CREATE requires a minimum of 15 working days and a maximum of 30 days to process written requests for the release of information. Every effort will be made to release information within the 15-day period.

If CREATE anticipates that this deadline cannot be met, the CEO should be notified, and the person making the request will be informed and a new date negotiated.

APP 13: Correction of personal information

1 Requirements

APP 13 requires an organisation to correct personal information to ensure that it is accurate, up-to-date, and not misleading if either the organisation is satisfied that the information needs to be corrected, or if individuals request that their information be corrected.
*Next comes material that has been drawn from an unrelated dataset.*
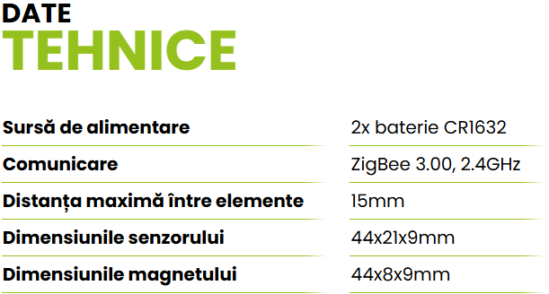 DOOR-MINI este un senzor magnetic alimentat cu baterii, compatibil cu standardul ZigBee 3.0. O modificare a stării dispozitivului trimite automat un semnal către poarta de internet ZigBee (de ex. EGATEZB). Acesta poate fi utilizat pentru a stabili reguli de funcționare a aparatelor de uz casnic (scene) și acolo, unde sunt necesare informații despre deschiderea sau închiderea ușilor, ferestrelor, ușilor de garaj etc. Cu ajutorul aplicației Engo Smart, pot fi create relații între senzorul de deschidere a ferestrei și regulatorul de temperatură din cameră (de exemplu, dacă se deschide o fereastră, încălzirea sau aerul condiționat sunt oprite). Deschiderea este detectată în funcție de distanța între senzor și magnet. Produsul este destinat exclusiv utilizării în interior.

If information that has been corrected has been given to another company, the organisation generally is required to inform the other company of the correction.

2 Compliance strategy

If an individual requests that CREATE update or correct information that CREATE holds about the individual, CREATE will do so, as long as:
(a) CREATE is able to identify the individual; and
(b) CREATE does not reasonably believe that the information CREATE holds is correct.

If CREATE refuses to correct personal information, CREATE will give written reasons to the individual for refusing to correct the information.

If CREATE receives information from a third party which CREATE subsequently determines is incorrect, CREATE must promptly inform the third party of the error.

If CREATE discovers that information it has given to a third party is not correct, CREATE will promptly contact that third party to correct the error.